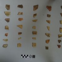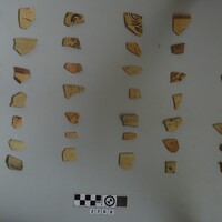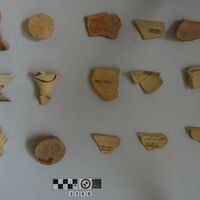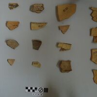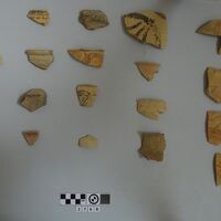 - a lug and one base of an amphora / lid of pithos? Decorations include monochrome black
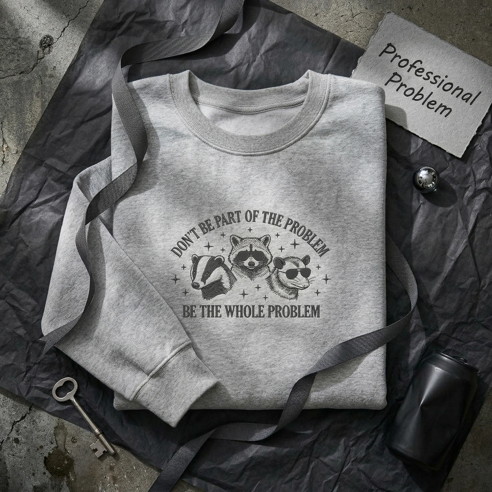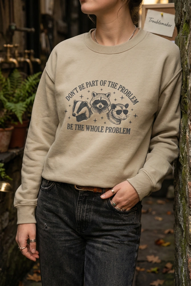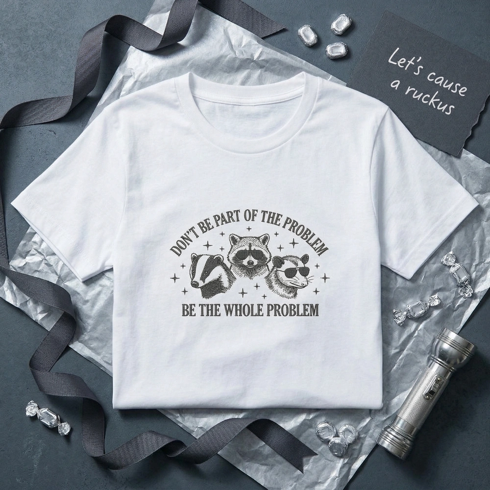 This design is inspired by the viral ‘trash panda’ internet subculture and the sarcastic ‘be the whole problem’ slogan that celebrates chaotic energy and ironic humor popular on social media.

————————

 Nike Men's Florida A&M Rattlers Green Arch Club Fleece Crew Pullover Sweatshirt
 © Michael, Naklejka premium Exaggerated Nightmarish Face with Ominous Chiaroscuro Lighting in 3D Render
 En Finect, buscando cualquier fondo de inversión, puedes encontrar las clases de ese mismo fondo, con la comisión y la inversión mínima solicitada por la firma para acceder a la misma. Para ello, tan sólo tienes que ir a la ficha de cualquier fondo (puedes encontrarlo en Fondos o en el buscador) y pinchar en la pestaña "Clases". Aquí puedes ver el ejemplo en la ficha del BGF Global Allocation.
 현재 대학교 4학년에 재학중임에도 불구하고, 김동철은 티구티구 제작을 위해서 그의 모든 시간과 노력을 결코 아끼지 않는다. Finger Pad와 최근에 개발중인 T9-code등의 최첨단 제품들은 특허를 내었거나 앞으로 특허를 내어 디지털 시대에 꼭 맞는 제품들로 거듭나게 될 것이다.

————————

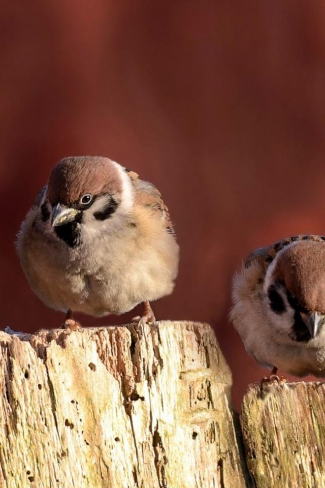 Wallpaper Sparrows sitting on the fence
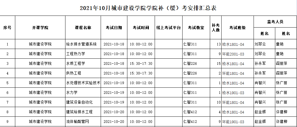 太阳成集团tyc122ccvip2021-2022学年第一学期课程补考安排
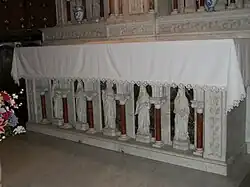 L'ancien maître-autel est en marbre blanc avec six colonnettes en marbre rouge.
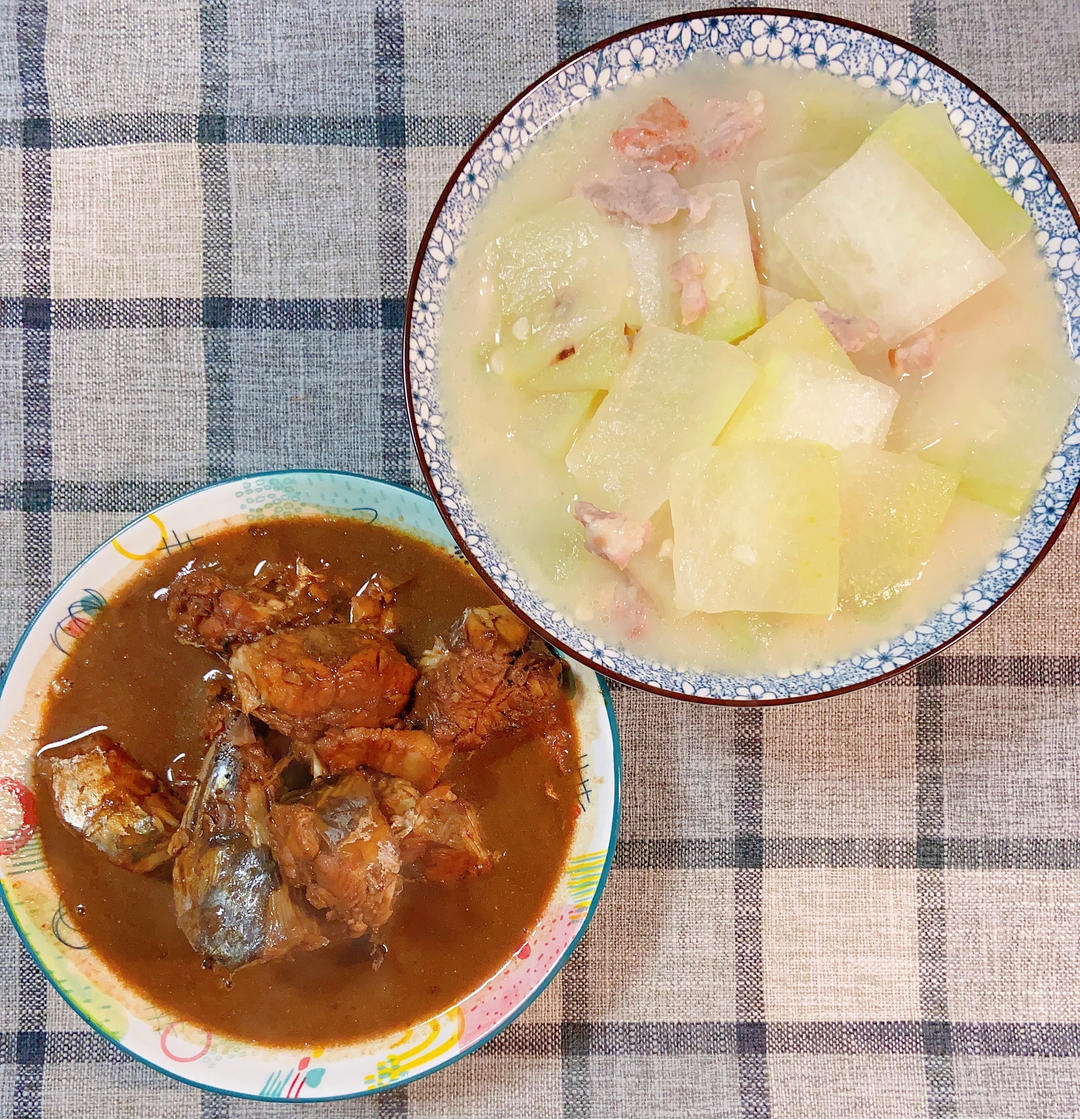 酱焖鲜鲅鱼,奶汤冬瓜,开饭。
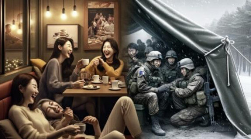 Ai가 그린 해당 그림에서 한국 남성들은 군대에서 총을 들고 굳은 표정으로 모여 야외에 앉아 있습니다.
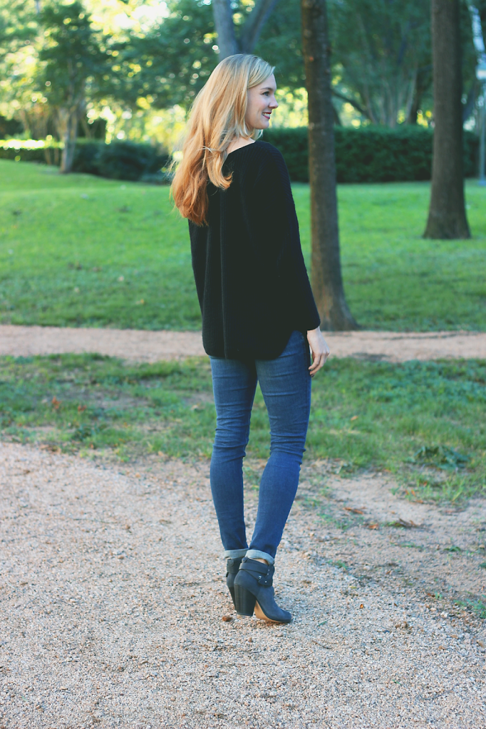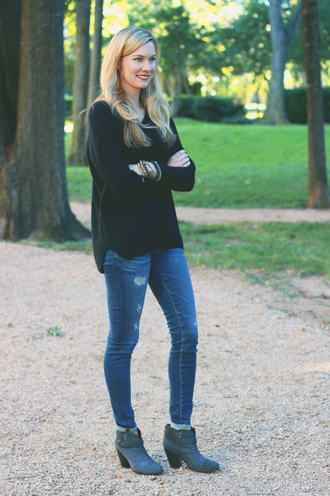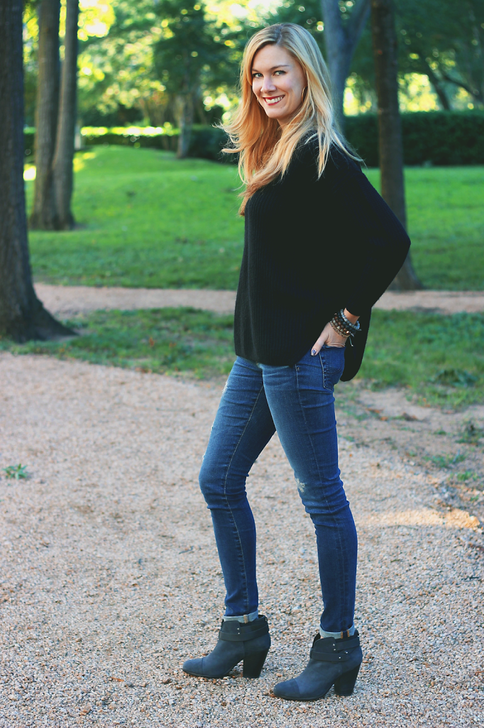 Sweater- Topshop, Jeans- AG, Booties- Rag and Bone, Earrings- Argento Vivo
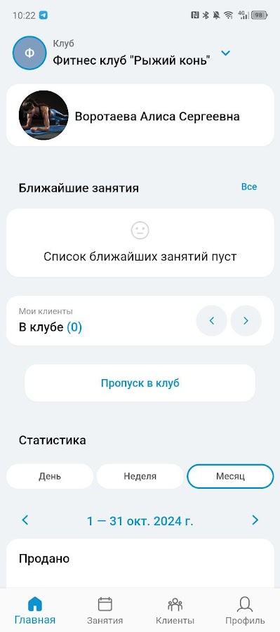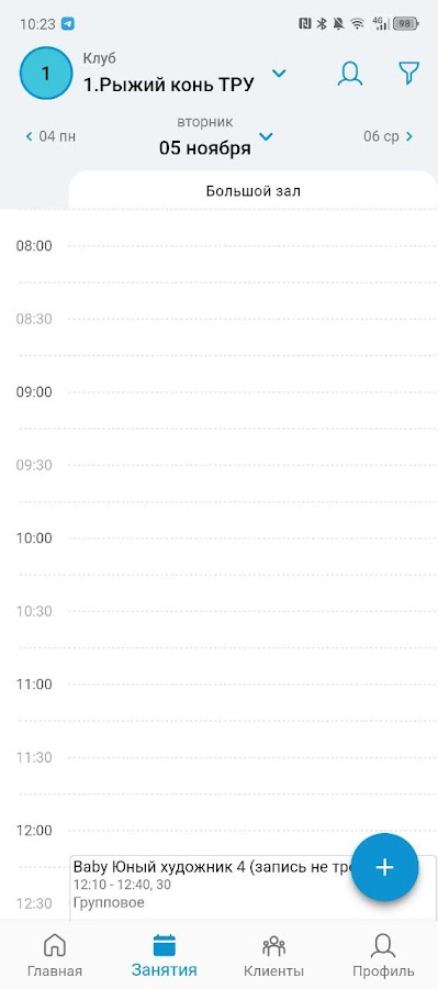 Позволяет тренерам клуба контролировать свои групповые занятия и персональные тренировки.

————————

• **Your task**:
Looking above, find the stretch of lines that opens with the one holding "Wallpaper Sparrows sitting on the fence" and closes with the one holding "Позволяет тренерам клуба". Copy it exactly, pictures excluded.

• **Completed exercise**:
 Wallpaper Sparrows sitting on the fence
 太阳成集团tyc122ccvip2021-2022学年第一学期课程补考安排
 L'ancien maître-autel est en marbre blanc avec six colonnettes en marbre rouge.
 酱焖鲜鲅鱼,奶汤冬瓜,开饭。
 Ai가 그린 해당 그림에서 한국 남성들은 군대에서 총을 들고 굳은 표정으로 모여 야외에 앉아 있습니다.
 Sweater- Topshop, Jeans- AG, Booties- Rag and Bone, Earrings- Argento Vivo
 Позволяет тренерам клуба контролировать свои групповые занятия и персональные тренировки.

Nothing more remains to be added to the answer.